I will have to use the existing washing machine outlet hose but connected to some leftover 20mm electrical conduit with the ribs or even PVC to get it to snake about 6m to a drain. 
Is there an issue with wearing the pump out by it having to push 6m instead of 2?

----------


## commodorenut

The pump is designed to cope with pumping the water up to the height just above the bowl, then gravity (and siphon) assists the rest of the way.   As long as the water is travelling downhill and the outlet is lower than that point on the back of the machine, you're not affecting the pump.  
For most of the last 23 years, I've run a 12m hose out onto the back lawn - the last 3m of it peppered with holes.  I've had to replace it several times due to UV breakdown, and other "accidents."   
I move it around to evenly water the lawn.  The only times we haven't run it, is when we've had a week of rain, and the ground is already saturated.  I have it hooked up at the trough socket in the laundry, but instead of going down into the drain, I run the hose down to floor level in the laundry, then out onto the back verandah (higher than the yard) and then out onto the grass.  I am careful not to go uphill, nor coil it back on itself - so it's a smooth passage for the water (and gravity helps draw the siphon). 
We ran the same washing machine for 21 of those 23 years, and it's failure became mechanical, in the reversing solenoid/mechanism.  Pump is still good.  New machine is running the same hose setup too. 
As far as lint, After 4-5 loads on a weekend, I find enough lint at the end of the pipe to probably fill say an average egg, but not tightly packed.  You could squeeze it down to a ball the size of a cherry.
The lint is obviously worse with towels and fleecy clothes, whilst business shirts & underwear produce hardly anything.  
I like the idea of a sock, or even some flyscreen mesh, as long as the surface area allows enough remaining flow once it starts to fill with lint. 
The hose I use is the same internal diameter as the OEM washing machine hose.  I wouldn't go any smaller, as that could result in back pressure on the pump.  Bigger is fine though. 
Oh - all of this was "approved" by my father, who, in a previous career, repaired washing machines.

----------


## DaleBlack

> The pump is designed to cope with pumping the water up to the height just above the bowl, then gravity (and siphon) assists the rest of the way.   As long as the water is travelling downhill and the outlet is lower than that point on the back of the machine, you're not affecting the pump.  
> For most of the last 23 years, I've run a 12m hose out onto the back lawn - the last 3m of it peppered with holes.  I've had to replace it several times due to UV breakdown, and other "accidents."   
> I move it around to evenly water the lawn.  The only times we haven't run it, is when we've had a week of rain, and the ground is already saturated.  I have it hooked up at the trough socket in the laundry, but instead of going down into the drain, I run the hose down to floor level in the laundry, then out onto the back verandah (higher than the yard) and then out onto the grass.  I am careful not to go uphill, nor coil it back on itself - so it's a smooth passage for the water (and gravity helps draw the siphon). 
> We ran the same washing machine for 21 of those 23 years, and it's failure became mechanical, in the reversing solenoid/mechanism.  Pump is still good.  New machine is running the same hose setup too. 
> As far as lint, After 4-5 loads on a weekend, I find enough lint at the end of the pipe to probably fill say an average egg, but not tightly packed.  You could squeeze it down to a ball the size of a cherry.
> The lint is obviously worse with towels and fleecy clothes, whilst business shirts & underwear produce hardly anything.  
> I like the idea of a sock, or even some flyscreen mesh, as long as the surface area allows enough remaining flow once it starts to fill with lint. 
> The hose I use is the same internal diameter as the OEM washing machine hose.  I wouldn't go any smaller, as that could result in back pressure on the pump.  Bigger is fine though. 
> Oh - all of this was "approved" by my father, who, in a previous career, repaired washing machines.

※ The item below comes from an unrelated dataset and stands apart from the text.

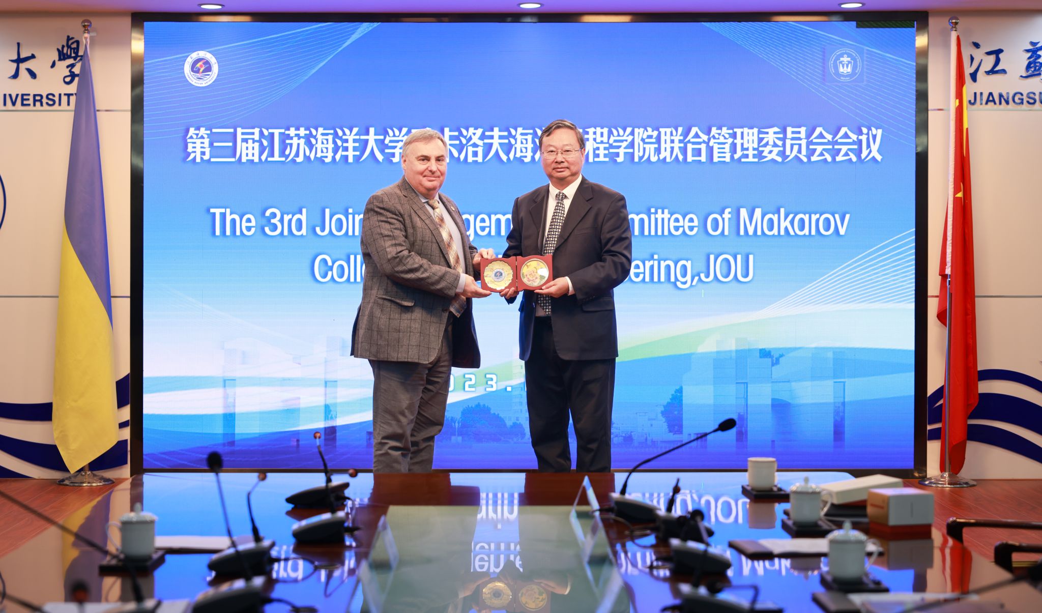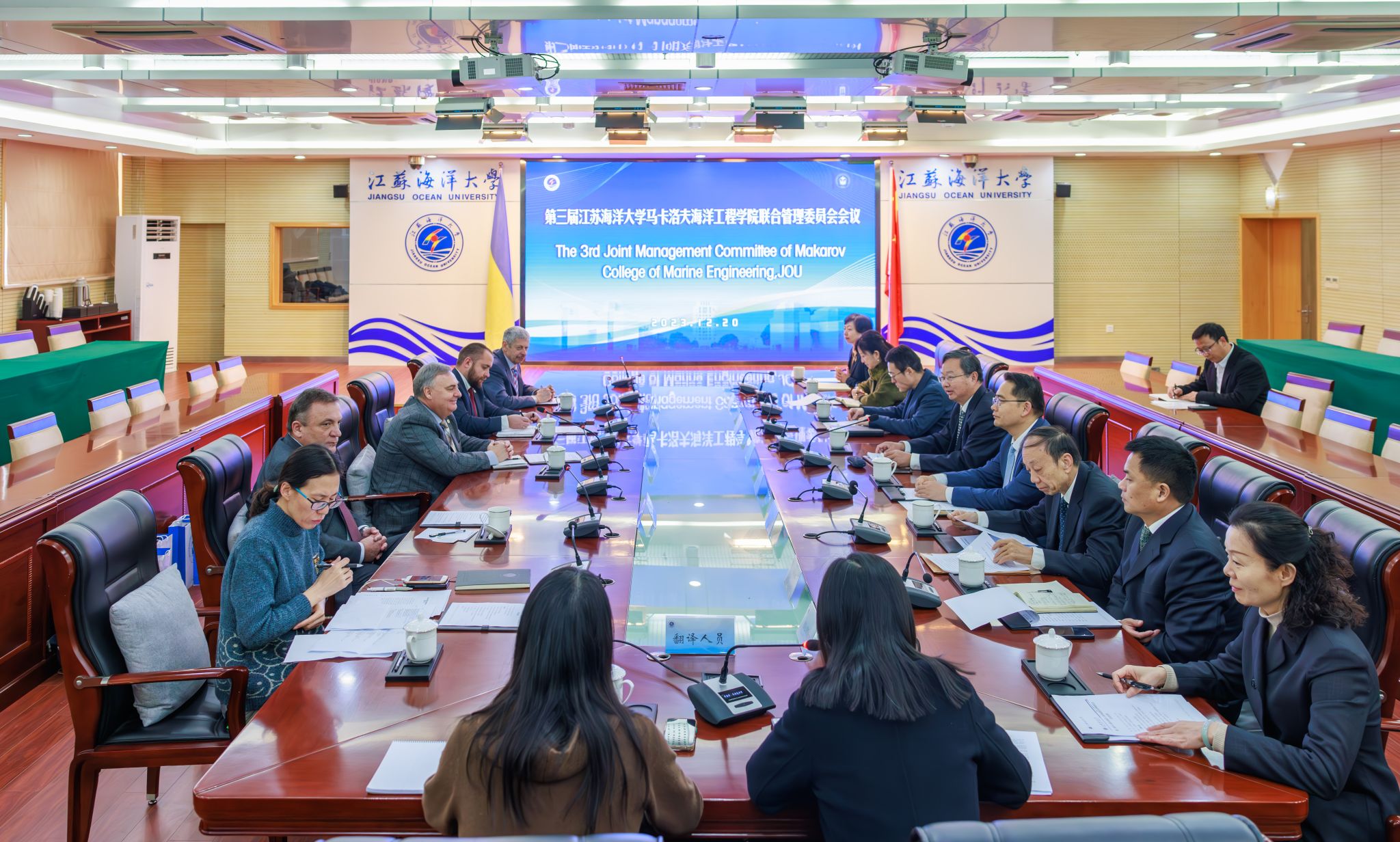 12月20日上午,第三届江苏海洋大学马卡洛夫海洋工程学院联合管理委员会会议在我校东海厅顺利举行。马卡洛夫国立造船大学校长Eugeniy Trushliakov、副校长Pavlov Gennadii、副校长Mykhailov Mykhailo、乌克兰造船科学院院士、机械工程教育科学院院长Serhiy Serbin,江苏海洋大学校长宁晓明、副校长申欣、副校长张元良、马卡洛夫海洋工程学院院长舒小平出席会议。马卡洛夫海洋工程学院、海洋工程学院、教务处、国际交流与合作处相关负责人参加会议。本次会议由江苏海洋大学校长宁晓明主持。
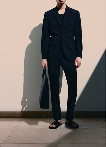 Платье в пол без рукавов из вискозного укропа на бретелях-спагетте, с очень узким верхом и пуговицей на верхней части. Силуэт без рукавов с потайной застежкой на молнию и сборкой в одном боковом шве, что создает эффект мягкой драпировки. Объемная спинка с петлей вверху, которая затягивается на пуговицу спереди, создавая впечатление шарфа. Высокий разрез спереди, смещенный в сторону. Частично на подкладке.

  great information thankyou

----------


## DaleBlack

So its connected in the patio now, initially i turned the drain hose at the bottom of the unit from facing up to the side and then around the unit and down to the drain in the patio. As it was filling it was also draining! 
something to do with a Siphon issue? anyway i returned it to how its normally setup, drain 90 degree plastic end at the bottom of the unit faces straight up, goes up and then back down and then across to the drain hole. 
I have used a stocking doubled over as a filter , ziptied on and it seems to be working, 2 loads have been run through it. The unit I have also has two lint collectors inside the tub   https://www.poweraussie.com/products...yABEgIuS_D_BwE 
so cleaning them out every second wash helps.

----------


## commodorenut

Yes, the outlet hose has to go up higher than the highest point of the bowl, otherwise the first bit of sufficient water that gets into it will quickly siphon the rest out of the bowl. 
Can't say I've ever seen the lint filters in the new machine (it's an LG) but I'm not allowed to touch it.... well, unless the wifi connection needs re-booting.... but it still lets some lint out of the pipe, so your stocking idea is perfect.

----------


## DaleBlack

The stocking worked but became clogged with lint at the bottom, causing a backup on the flow such that i had a problem with the rinse function again whereby it kept running out as quick as it was filling.
At least that was what someone told me when i described the rinse issue. I cut off the bottom of the stocking tonight and below you can see how much lint there is below, lint aside the full cycle passed with no rinse issues with a open flow.       
totally clogged the only reason any water came out was because you can see above I left about 100mm of stocking and this buildup was in the bottom. It also answers my question of whether lint is all caught in the machines lint filters or does some run out via the drainage pipe. Normally these are connected in laundries to the actual drain system so I am surprised more drains are not clogged with this stuff, but they get installed and run for years so I suppose not.
 The buildup was about 10 days worth and maybe 5-8 loads. 
I am running it through a colander for now , bigger holes then the stocking, as I still dont want this lint blocking up the soakwells under the patio.

----------